La Fondation Jérôme Seydoux – Pathé est partenaire pour la 8e année du festival international du film restauré « Toute la mémoire du monde » organisé par la Cinémathèque française. Pour cette 10e édition, la programmation se concentre sur le week-end des 11 et 12 mars avec la présentation de cinq séances de films restaurés.
Tout d'abord deux films réalisés par Jean Epstein dans la veine documentaire : La Montagne infidèle et Artères de France. Le premier, restauré par la Filmoteca de Catalunya à partir d'une copie unique 28 mm, témoigne de la spectaculaire témérité du cinéaste et de son opérateur Paul Richard, envoyés pour les Actualités Pathé sur les versants de l'Etna filmer son éruption en 1923. Le second, film sonore tourné en 1939, est un documentaire sur les grandes voies de communication françaises, commande du Ministère du Commerce.
Autre film documentaire, composé essentiellement d'images d'archives, Land of Nairi est réalisé par le cinéaste arménien Bek-Nazarian en 1930. Le film offre un panorama historique de la transition de l'Arménie d'une colonie russe à une république soviétique à travers une vision poétique, voire surréaliste, et une puissance du langage cinématographique qui n'est pas sans rappeler l'œuvre de Dziga Vertov et qui annonce celle d'Artavazd Pelechyan.
La Friedrich-Wilhelm-Murnau-Stiftung propose une restauration de Manolesco, prince des sleepings de Victor Tourjanski (1929), film résolument poignant et mélancolique narrant les aventures du célèbre brigand Belle Époque. Le magnétisme d'Ivan Mosjoukine y côtoie la prestance graphique de Brigitte Helm et la délicatesse Dita Parlo, un trio fascinant…

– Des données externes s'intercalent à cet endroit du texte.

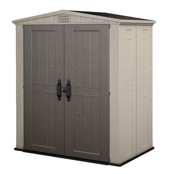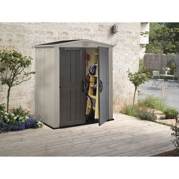 Het Factor 63 tuinhuis van Keter is gemaakt van duurzaam kunststof en is verstevigd met aluminium profielen. De schuin aflopende vloer zorgt samen met de brede deur voor een eenvoudige toegang tot het kunststof huisje. De deur is afsluitbaar met een hangslot (niet inbegrepen). Om ervoor te zorgen dat de binnenkant van het tuinhuisje Factor 63 niet te vochtig wordt is het speciaal voorzien van ventilatie roosters. Na levering kan het Keter Factor 63 kunststof tuinhuis direct worden opgebouwd, mits een vlakke ondergrond is voorbereid. Twee personen zijn er ongeveer 2-3 uur mee bezig om het Keter huisje op te bouwen. Kortom het Factor 63 tuinhuis van Keter is ideaal om fietsen, scooters, tuinmeubelen, kinderspeelgoed en tal van andere spullen in op te bergen.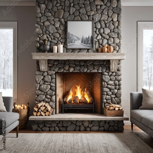 Cozy Stone Fireplace in Modern Living Room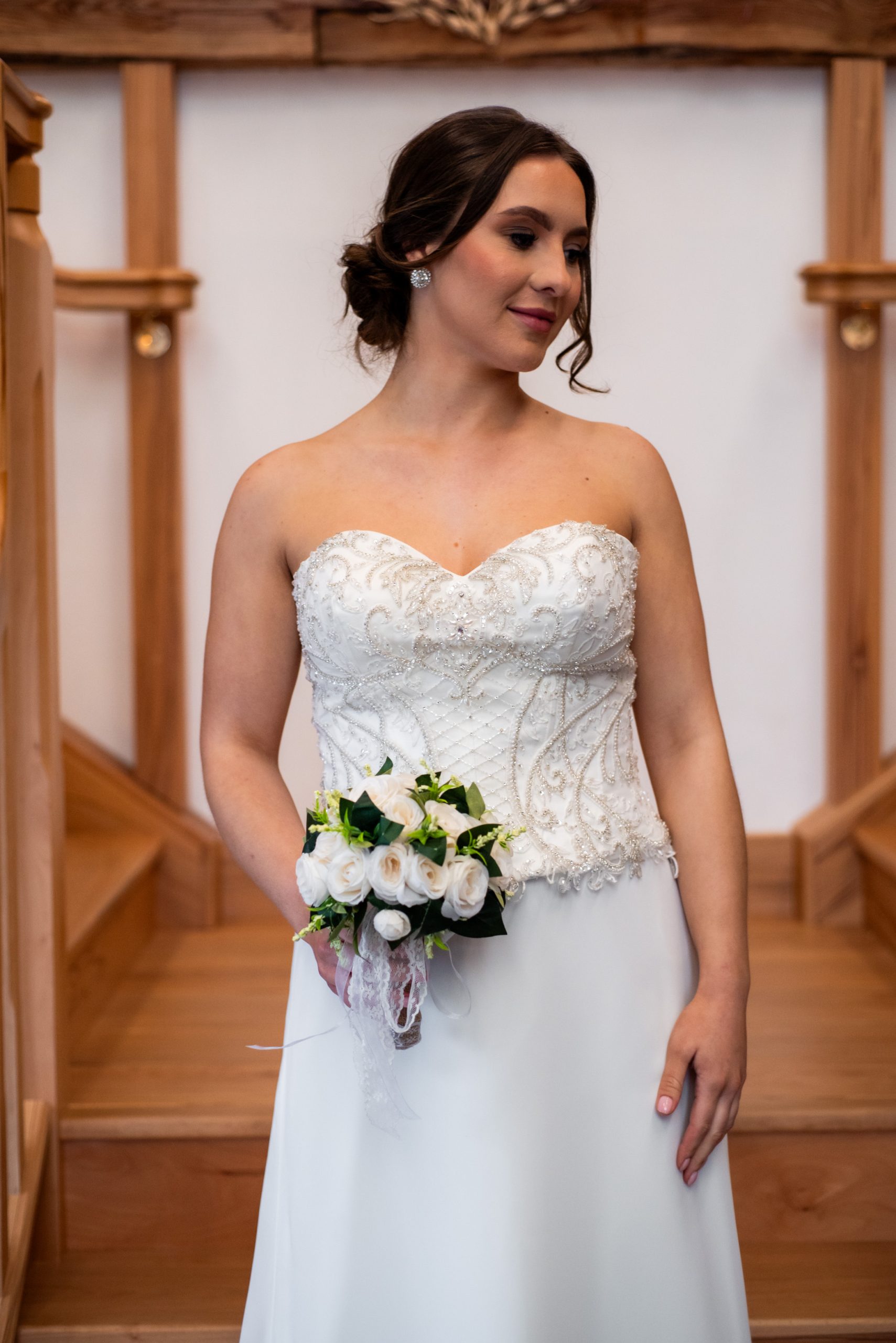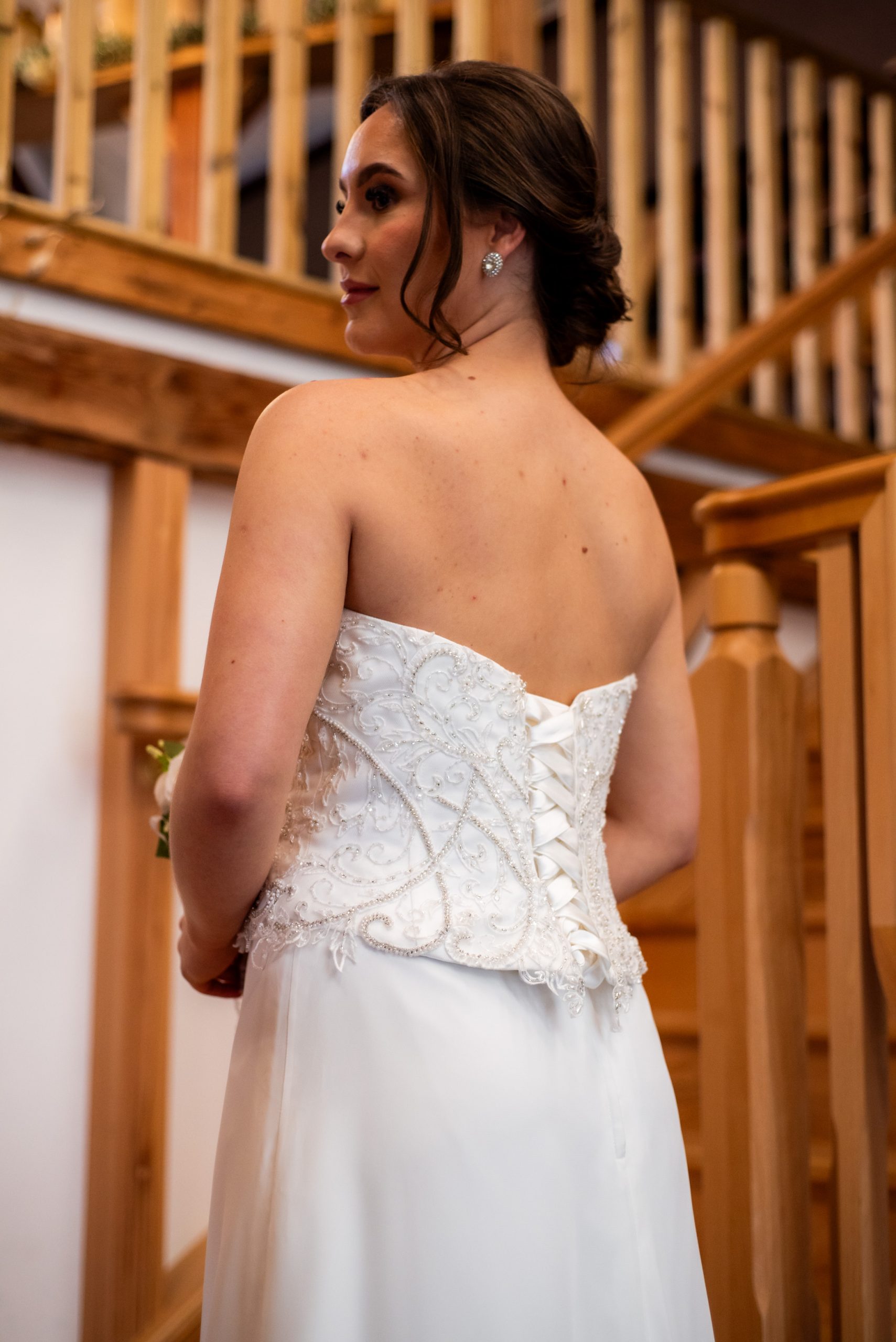 This two piece consists of a separate bodice which has a sweetheart neckline, and is a lace up. The detail on the bodice uses beads, crystal and pearls to create a stunning artwork design. The skirt is an A line shape in a soft chiffon, and benefits from a court train. The skirt has a zip closure. Together they make an elegant column dress. Measurements as a guideline are… Bust 98 (38.5″), Waist of skirt 82cm (32″), Hips 118cm (46″), length of skirt at side seam 131cm (51″). Fabric is Polyester.

La frêle silhouette de Nadia Sibirskaïa, qui illumine la période muette de Dimitri Kirsanoff, est prégnante dans deux nouvelles restaurations menées par Lobster Film et la Cinémathèque française : Ménilmontant (1929), film dans lequel Kirsanoff excelle dans la mise en scène de la confusion des sentiments, portrait intemporel d'une jeune femme et d'un quartier, et Brumes d'automne (1928), ou la peinture d'un amour languissant.
Enfin, la Fondation Pathé propose un ciné-concert exceptionnel. Le Nabab d'Albert Capellani (1913), restauré par la Fondation en 2021, est présenté sur une musique originale composée et interprétée par Bruno Angelini au piano, Vincent Courtois au violoncelle et Catherine Delaunay à la clarinette. Réalisé entre ses deux œuvres majestueuses, Les Misérables et Germinal, Le Nabab porte magistralement à l'écran l'œuvre d'Alphonse Daudet en insistant sur la description typologique des milieux sociaux dans lesquels évoluent les personnages. Les interprétations de Léon Bernard, sociétaire de la Comédie-Française, Jean Dax et Pierre Larquey sont prodigieuses et Capellani exploite ici le tournage en extérieurs et une succession de décors somptueux qui soulignent l'opposition entre la ville et la campagne.
Ces séances permettent de découvrir ou revoir en ciné-concert des œuvres variées et saisissantes, nouvellement restaurées par les cinémathèques et archives internationales, et de rendre hommage à la puissance créative du cinéma muet.